▶ **INSTRUCTIONS TO FOLLOW**
Nothing outside the lines below from the one containing "입어주시기 좋은 아이템이에요🖤😎" through the one containing "犬マナーベルト 犬用おむつ 男の子用" is to be printed; print those exactly, ends included, and drop the pictures.

▶ **RECORDS PROVIDED**

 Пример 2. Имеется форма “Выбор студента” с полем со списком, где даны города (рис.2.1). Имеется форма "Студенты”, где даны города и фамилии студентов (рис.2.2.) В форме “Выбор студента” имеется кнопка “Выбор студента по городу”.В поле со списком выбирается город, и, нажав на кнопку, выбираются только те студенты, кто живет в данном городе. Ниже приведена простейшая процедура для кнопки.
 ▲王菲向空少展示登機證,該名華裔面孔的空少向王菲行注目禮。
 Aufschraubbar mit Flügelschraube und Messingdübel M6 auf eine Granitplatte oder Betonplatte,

--

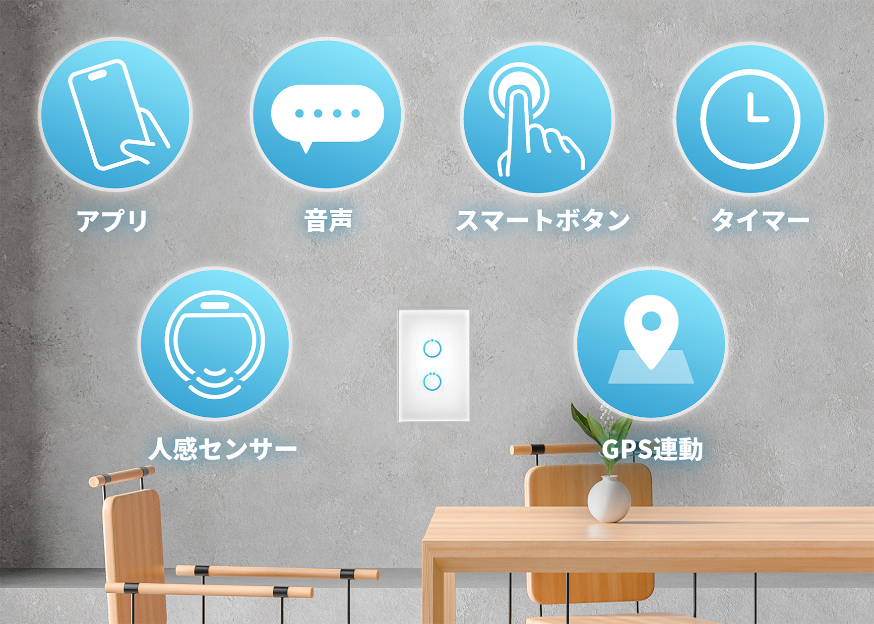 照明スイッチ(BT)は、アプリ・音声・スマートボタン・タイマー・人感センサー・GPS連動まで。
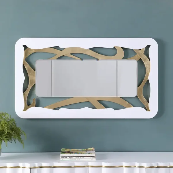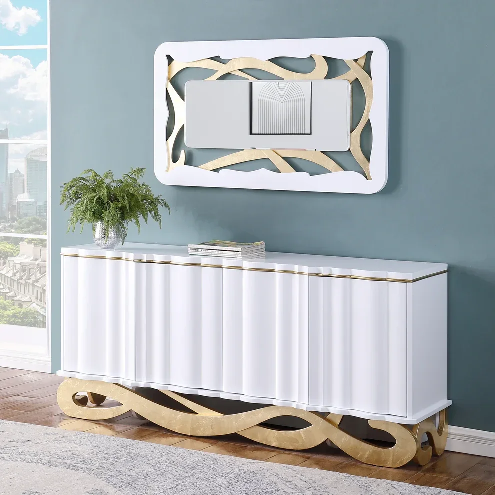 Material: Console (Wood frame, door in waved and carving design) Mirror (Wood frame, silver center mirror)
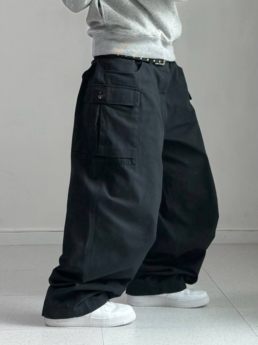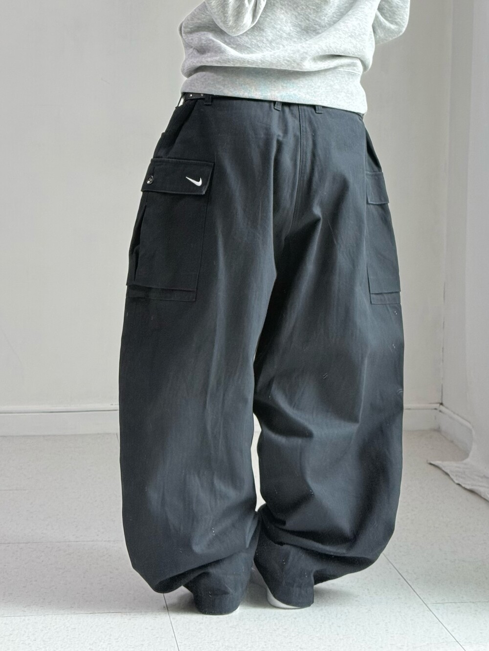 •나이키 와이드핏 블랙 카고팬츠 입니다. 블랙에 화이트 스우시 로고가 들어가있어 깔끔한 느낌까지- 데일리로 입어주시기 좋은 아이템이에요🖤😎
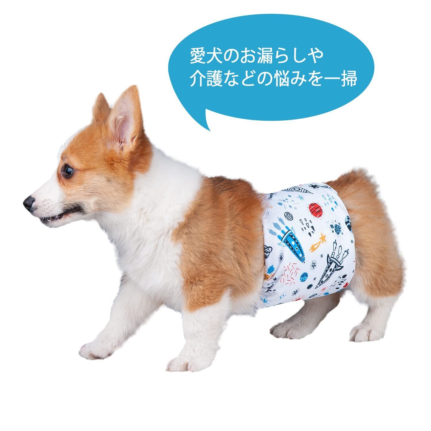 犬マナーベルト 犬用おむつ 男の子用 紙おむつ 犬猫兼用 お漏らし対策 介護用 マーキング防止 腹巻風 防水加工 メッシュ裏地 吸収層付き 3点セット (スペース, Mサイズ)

...

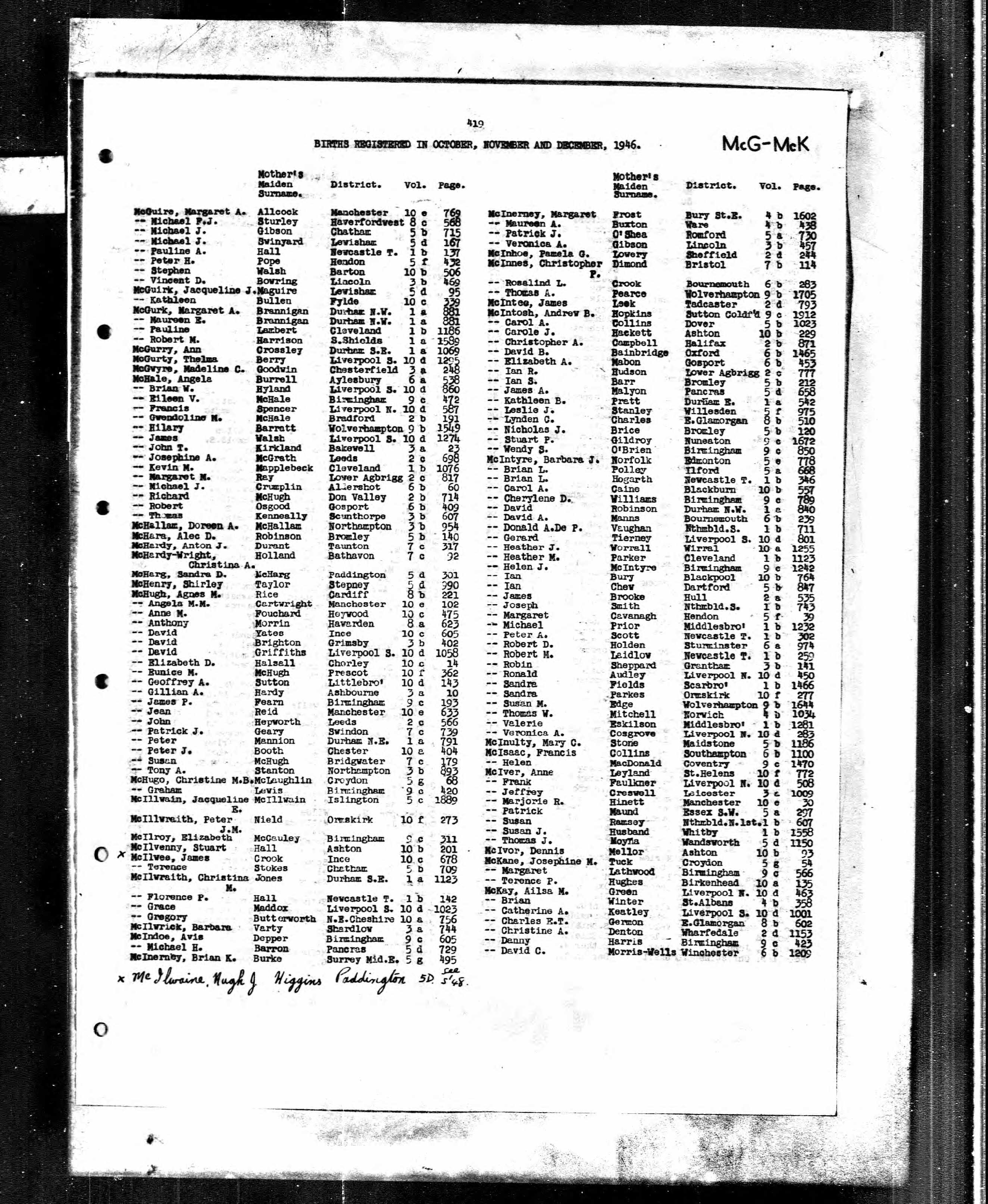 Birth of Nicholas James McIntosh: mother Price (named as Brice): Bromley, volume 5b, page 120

▶ **SOLUTION BELOW**
 •나이키 와이드핏 블랙 카고팬츠 입니다. 블랙에 화이트 스우시 로고가 들어가있어 깔끔한 느낌까지- 데일리로 입어주시기 좋은 아이템이에요🖤😎
 犬マナーベルト 犬用おむつ 男の子用 紙おむつ 犬猫兼用 お漏らし対策 介護用 マーキング防止 腹巻風 防水加工 メッシュ裏地 吸収層付き 3点セット (スペース, Mサイズ)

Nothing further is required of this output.